Will Self’s piece on dentistry provoked memories of my time as a merchant seaman in the 1960s (LRB, 29 June). We were crewed by Pakistanis who signed on for a year. When we docked at Liverpool, they would go en masse to a dentist there. He would remove all their teeth and replace them with gold dentures. I imagine the dentist’s address was well known in Pakistani ports, and passed on by former seamen to first-timers.

I asked one of the crew the reason, and he told me that there were few or no dentists in rural Pakistan, and that with a set of gold dentures – which, incidentally, could cost as much as half his year’s wages – he would be free of dental problems for the rest of his life when he returned to his village. No dazzling smiles though; it often took a month or two for them to recover, during which time they could barely fulfil their duties.

Fabian Acker
London SE22

Great Scott

In his response to my discussion of the suspicious burning and rebuilding of Stratford’s Memorial Theatre, Gavin Stamp intriguingly cites ‘contemporary gossip’ at the time of the design competition in 1928 (Letters, 1 June). One would like to know more about these rumours, which Stamp links to a misogynistic architectural establishment that refused to believe the 29-year-old Elizabeth Scott was the true author of the new building. By contrast, the newspapers were effusive, with headlines such as ‘Woman Wins’, ‘Girl Architect Beats Men’ and ‘London Girl’s Winning Design’.

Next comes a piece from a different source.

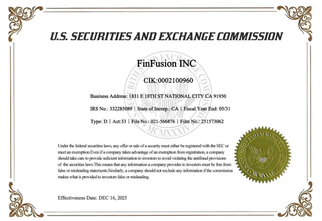 NEW YORK, January 9, 2026 (Newswire.com) - Recent developments surrounding FinFusion Exchange have drawn market attention as publicly available information shows that the company's relevant corporate records are now included within the disclosure framework of the U.S. Securities and Exchange Commission. This development places the platform's corporate governance and information transparency within a clearly defined U.S. regulatory context.

As Sarah Collins Howard discovered in the course of her research on Scott, none of the media reports ‘was disparaging, quite the reverse’. The Morning Post may have been making an insinuation by comparing the young winner to Shakespeare’s Portia, whose male cousin likewise ‘gave her some useful tips’. But the coverage effectively suppressed any embarrassment about the fact that Scott was a mere ‘bottle washer’ in the firm belonging to the cousin of the Stratford publicist A.K. Chesterton, who may have been responsible for a ‘developer’s fire’ and had engineered the rebuilding competition.

Stamp points out that Scott credited her colleagues in Maurice Chesterton’s practice with a share in her success, but that Geoffrey Jellicoe would say no more than that she ‘provided the initiative’. In fact, Howard found that ‘Jellicoe’s role in the theatre was greater than everyone was led to believe,’ which was why he remained ‘reluctant to mention Scott as sole winner’. Stamp is therefore incorrect in claiming that Elizabeth Chesterton held a ‘fond filial belief’ that her father was the real architect of the theatre. As I reported in my original piece (LRB, 4 May), what she said in her interview for the British Library in 1997 was that Maurice worried that the competition had been falsely entered under Scott’s name – ‘at which point she paused, then added: “erm … which is, I think, all I will say about that."’

Howard deduced that ‘while Chesterton did involve himself in the technical side’, it was another partner, John Shepherd, ‘who did the designs’. But if the entry ‘was a team effort, why did they choose to put Scott’s name on it?’ she asked, reasonably. It ‘may never be known’ why Scott continued to assert that the design was hers, even when it was so heavily criticised as a ‘monstrosity’, Howard concluded. The answer, I suggested in my original piece, lies in the part played by the sinister A.K. Chesterton in the destruction and reconstruction of the Shakespeare Theatre, and thus in his own papers in the archives of British fascism.